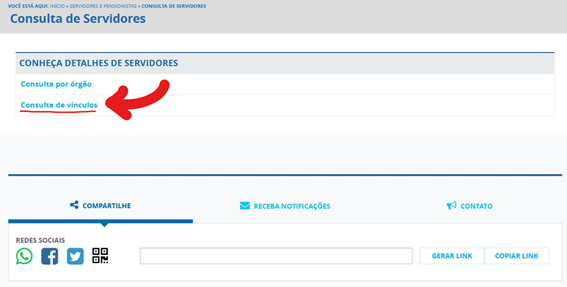 4 - Em CONHEÇA DETALHES DE SERVIDORES escolha Consulta por vínculos;
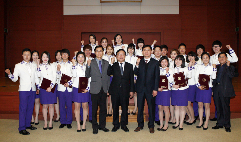 이날 행사에서는 지난 2011년 한 해 동안 대학 이미지 제고를 위해 많은 노력을 기울여 왔던 정유진 학생(철학과 3년) 등 15명에게 수료장이, 그리고 3월 2일부터 1년간 새롭게 활동을 펼칠 이효규(동물자원학과 3년) 학생 등 15명의 신임 홍보대사들에게 임명장이 각각 수여됐다.
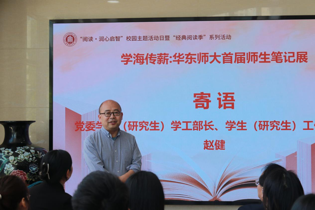 赵健在对学生寄语中指出,本次展览是“阅读·润心启智”校园主题活动日暨“经典阅读季”系列活动的一次重要活动,展现出华东师大的学术繁荣与文化传承,希望同学们能够传承师大前辈严谨的治学态度和卓越的学习习惯,争做新时代的卓越青年。
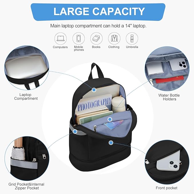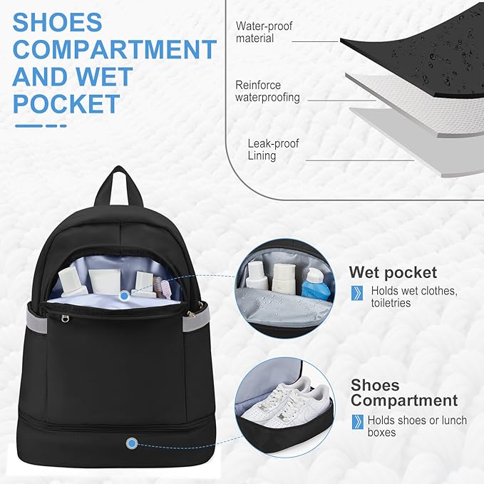 - 【WET POCKET】The wet pocket can hold wet items, such as toiletries, towels, swimming suits, etc., which is convenient for you to use when you are on a business trip or shower after exercise, and avoids getting wet in other parts of the backpack.There's also a front pocket for small items like tissues and headphones for easy access.
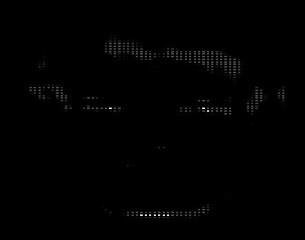 Results After the ANN had trained to a final error of 1e-09, the three images which were used as the basis for the training set were scanned. The scanning involved moving the 20x20 input field of the ANN along the rows and columns of the image, one step at a time. A stepping distance of two was used to reduce the scanning time. The original image and the ANN output are shown below, side-by-side. The output is further modified by increasing the output value to 3 for the pixels with the maximum values. Note that for all three of the images, the center of the eyes are indentified, along with some extraneous areas which contain sharp contrast features. For the image below, one maximum point exists for the eye on the left, several for the eye on the right, and several points in the shadow area below the chin.
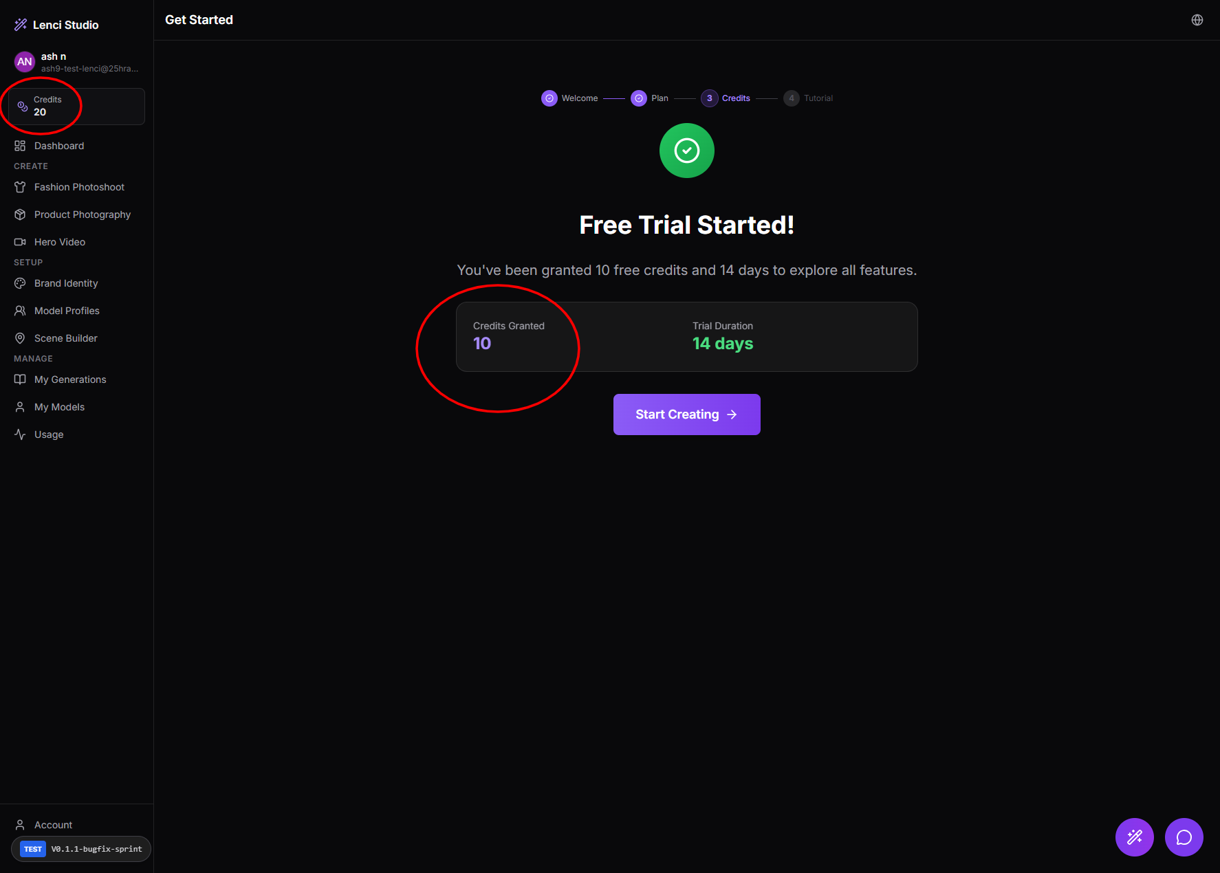 Issue description In the onboarding flow, the UI shows “10 credits granted / 10 credits have been added” on the onboarding steps, while the sidebar credit balance shows 20 for the same user/session. This mismatch appears across two consecutive onboarding steps/pages, creating confusion about the actual trial credit balance and whether credits were granted twice or the UI is out of sync. Expected behavior The onboarding “credits granted” message and the sidebar balance should always match the user’s actual credit ledger/balance. If the trial grants 20 credits, every onboarding step that references granted credits must say 20 (or use a dynamic value). If the sidebar shows the current balance (e.g., includes existing credits), onboarding copy should clearly distinguish “Granted now” vs “Current balance”—but the numbers must still be accurate based on the same source of truth. Acceptance criteria AC1 — Single source of truth: The value shown in onboarding (“credits granted/added”) is pulled from the same authoritative source as the sidebar balance (or from a clearly-defined “trial grant amount” field) and is consistent. AC2 — Correct value displayed: For a new account that receives 20 trial credits, onboarding screens display 20 (not 10) anywhere credits are referenced. AC3 — Consistency across steps: Navigating through the onboarding steps (including refresh/back/forward) never shows conflicting credit values between onboarding messaging and the sidebar. AC4 — No hardcoded copy: There is no hardcoded “10 credits” string in onboarding UI; credit numbers render dynamically based on the actual configured grant/balance. AC5 — Edge cases: If the user already had credits before onboarding (e.g., admin grant), the onboarding message either: shows the actual trial grant amount, and labels it clearly (“Trial credits granted: X”), or is hidden/skipped when not applicable—without showing incorrect numbers.
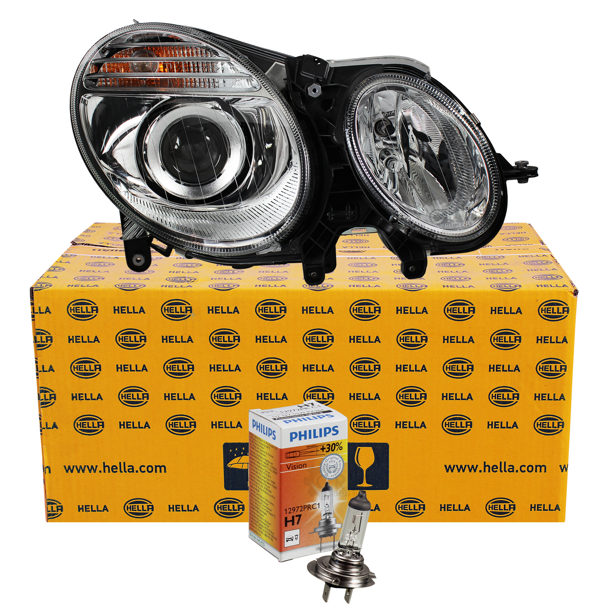 Original HELLA Scheinwerfer für deine Mercedes E-Klasse (W213)! Speziell für Rechtsverkehr - rechte Seite. Mit Tagfahrlicht (LED), Fernlicht, Abblendlicht und Blinklicht.\\n\\nTechnologie: Halogen mit PY21W/H7/H7 Lampen. Ohne Mercedes-Schriftzug, aber mit Stellmotor für Leuchtweitenregulierung. Paarige Artikelnummer: 1EG 012 076-051.\\n\\nHELLA Qualität vom Erstausrüster - langlebig, sicher und komfortabel. Einfache Installation, perfekte Passform. Prüfe vor dem Kauf die genaue Fahrzeugzuordnung. Mach deine E-Klasse wieder straßensicher mit diesem hochwertigen Ersatzscheinwerfer!
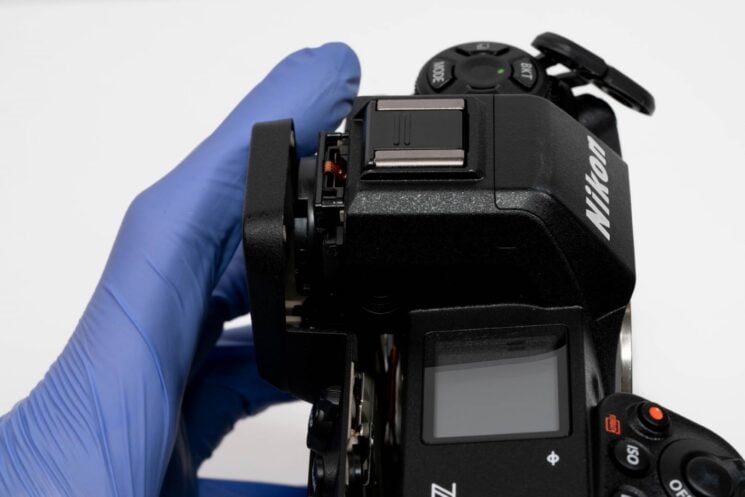 Next, we’ll disconnect the two sensor ribbons. The Z9 can pull off its no-blackout shooting by running the data from the sensor to the processor/screens and the cards separately, allowing it to remain completely active while recording photos.

********

Your assignment:
Starting at the top of the listing above, please restate word for word each line up to and including the one that holds "赵健在对学生寄语中指出,本次", omitting every image.

Output below:
 4 - Em CONHEÇA DETALHES DE SERVIDORES escolha Consulta por vínculos;
 이날 행사에서는 지난 2011년 한 해 동안 대학 이미지 제고를 위해 많은 노력을 기울여 왔던 정유진 학생(철학과 3년) 등 15명에게 수료장이, 그리고 3월 2일부터 1년간 새롭게 활동을 펼칠 이효규(동물자원학과 3년) 학생 등 15명의 신임 홍보대사들에게 임명장이 각각 수여됐다.
 赵健在对学生寄语中指出,本次展览是“阅读·润心启智”校园主题活动日暨“经典阅读季”系列活动的一次重要活动,展现出华东师大的学术繁荣与文化传承,希望同学们能够传承师大前辈严谨的治学态度和卓越的学习习惯,争做新时代的卓越青年。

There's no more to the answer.